Why is the last digit of $n^5$ equal to the last digit of $n$?

Question

I was wondering why the last digit of $n^5$ is that of $n$? What's the proof and logic behind the statement? I have no idea where to start. Can someone please provide a simple proof or some general ideas about how I can figure out the proof myself? Thanks.

Answer 1

Alternatively, you could prove that $n^5-n$ is divisible by $10$ by induction.
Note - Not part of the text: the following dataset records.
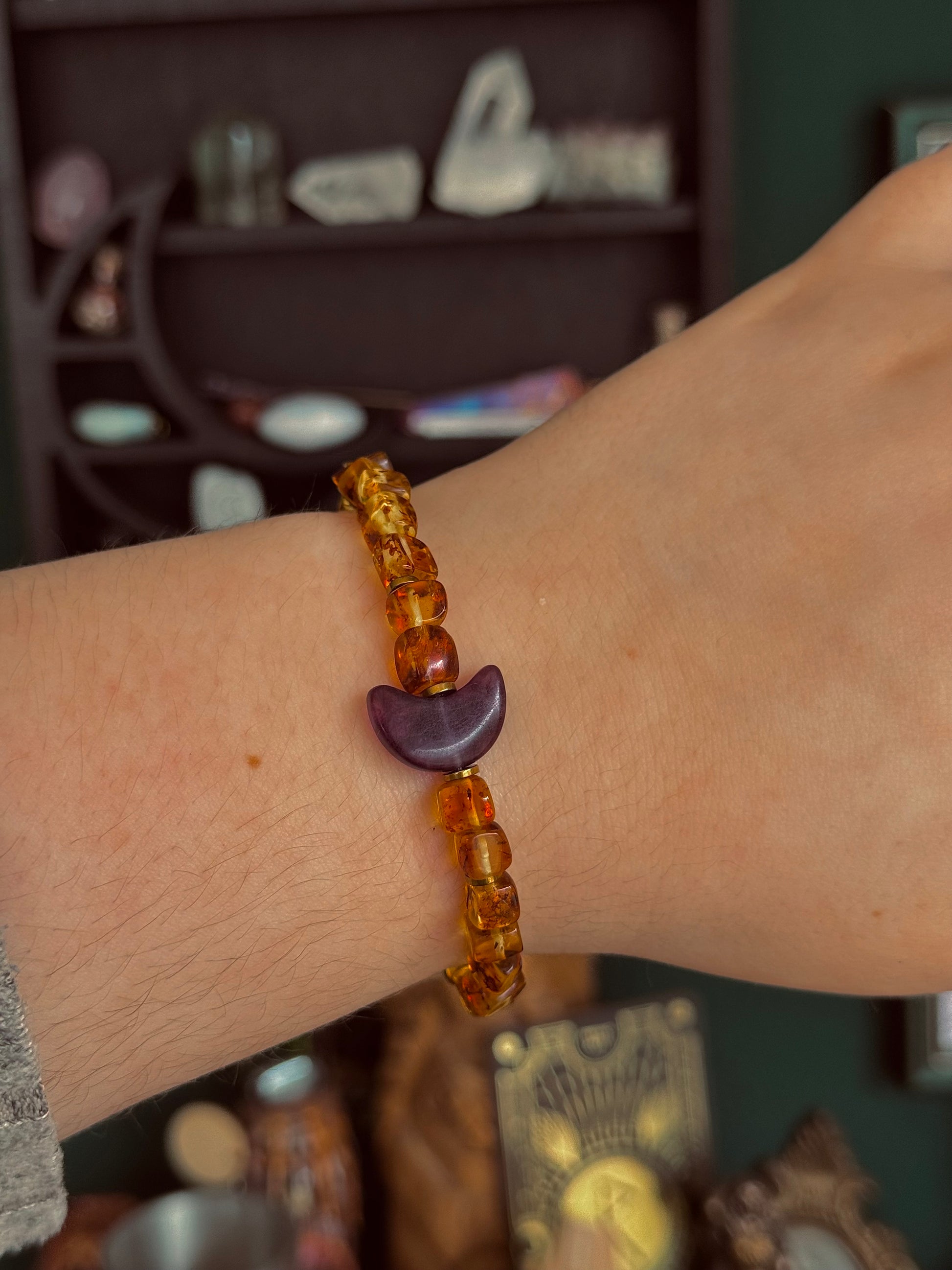 Die Symbolik des Mondes kann für Wandel, Intuition und innere Zyklen stehen, während Bernstein für Wärme und Lebendigkeit steht. Zusammen entsteht ein Schmuckstück, das wie ein kleiner Begleiter für magische Herbstabende wirkt.
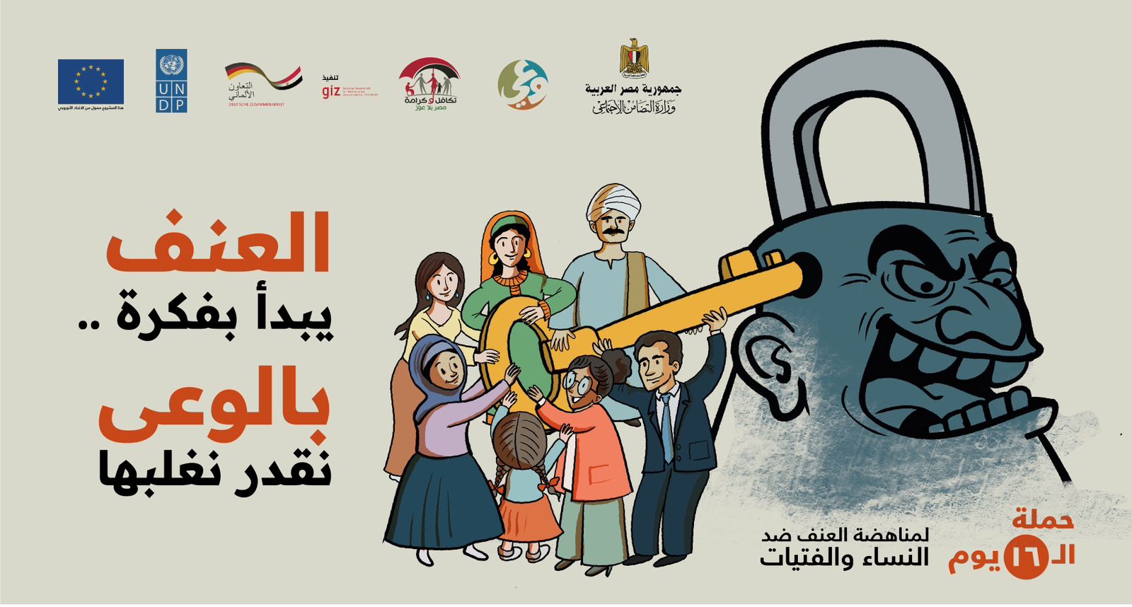 أطلقت نيفين القباج وزيرة التضامن الاجتماعي حملة الـ 16 يومًا لمناهضة العنف ضد النساء والفتيات، تحت شعار « العنف يبدأ بفكرة..بالوعي نقدر نغلبها»، حيث تبدأ الحملة من اليوم الأحد وتستمر حتي العاشر من ديسمبر المقبل، وذلك بالتزامن مع اليوم العالمي لحقوق الإنسان الذي يوافق 10 ديسمبر من كل عام.
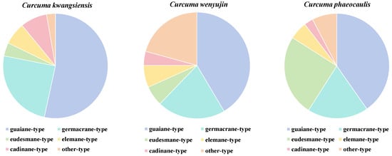 Through modern research, it has been discovered that volatile oil and curcuminoids are the main bioactive constituents of Curcumae Rhizoma, and the volatile oil predominantly comprises sesquiterpenoids [15]. These sesquiterpenoids are of various types, including guaiane-type, germacrane-type, eudesmane-type, elemane-type, cadinane-type, carane-type, bisabolane-type, humulane-type, and other types.
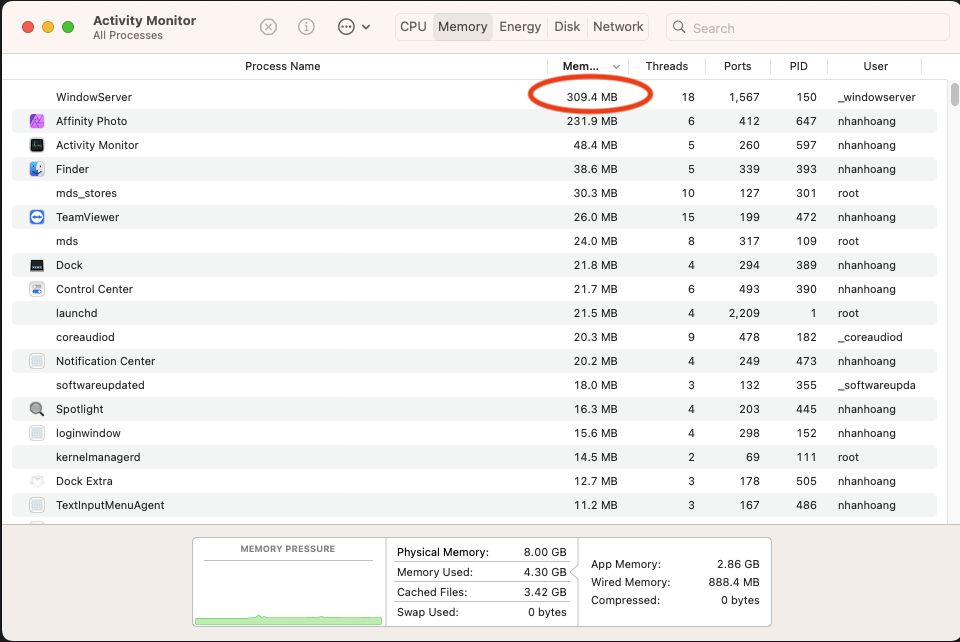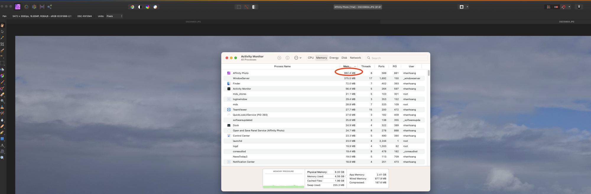 I still believe an 8GB M1 Mac Mini is more than sufficient for editing photos, just not in Affinity Photo apparently. I edited photos fine in Lightroom/Photoshop on a 2015 8GB MacBook Pro but Affinity Photo is a different story. For every 20-25MB Sony or Canon RAW file imported, Affinity Photo memory use jumps 1.5-2.0 GigaBytes! Even for a 10MB JPEG imported, Affinity Photo memory use jumps almost 400MB. This is simply importing, no editing yet, no layers, etc. This is very perplexing since Affinity Photo has very light

If $n=0$, it is obviously true.

Assume true for $n$, we need to show that:

$$(n+1)^5-(n+1) = n^5 + 5n^4 + 10n^3 + 10n^2 + 5n + 1 - (n+1) \\=n^5 - n + 10(n^3+n^2) +5n(n^3+1)$$

is divisible by 10.

But $n^5-n$ is divisibly by $10$ by induction, and $10(n^3+n^2)$ is obviously divisible by $10$, so all you need to show is that $5n(n^3+1)$ is divisible by $10$, which is the same as proving that $n(n^3+1)$ is divisible by $2$.
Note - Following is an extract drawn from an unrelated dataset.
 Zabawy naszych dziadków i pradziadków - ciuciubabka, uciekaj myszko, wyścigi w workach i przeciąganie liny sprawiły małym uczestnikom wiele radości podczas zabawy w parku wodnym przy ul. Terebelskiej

The fundamental reason for this, as everybody has noted, is due to rules of modular arithmetic.

Answer 2

Note, the last digit of $n^5$ can only be affected by the last digit of $n$. That is, the 1s digit of any power of $n$ will only be affected by the ones digit of $n$, and not the 10s, 100s, or any other digit. So, you only have 10 cases, 0, 1, 2, 3, 4, 5, 6, 7, 8, 9. All you have to do is try them separately. $0^5 = 0$, $1^5 = 1$, $2^5 = 32$, $3^5 = 243$, ..., $9^5 = 59049$.

If you've heard of modular arithmetic, all numbers mod 10 are going to be in the set $\{0, 1, 2, 3, 4, 5, 6, 7, 8, 9\}$. And, this is why we only need consider these 10 cases.

Answer 3

$$n^5-n=n(n^4-1)=n(n^2-1)(n^2+1)=n(n^2-1)(n^2-4+5)$$ $$=n(n^2-1)(n^2-4)+5n(n^2-1)$$ $$=\underbrace{(n-2)(n-1)n(n+1)(n+2)}_{\text{ product of }5\text{ consecutive integers }}+5\cdot \underbrace{(n-1)n(n+1)}_{\text{ product of }3\text{ consecutive integers }}$$

Now, we know the product $r$ consecutive integers is divisible by $r!$ where $r$ is a positive integer

So, $(n-2)(n-1)n(n+1)(n+2)$ is divisible by $5!=120$ and $(n-1)n(n+1)$ is divisible by $3!=6$

$$\implies n^5-n\equiv0\pmod{30}\equiv0\pmod{10}$$

Answer 4

I won't explain you that it's true because you discovered it was true !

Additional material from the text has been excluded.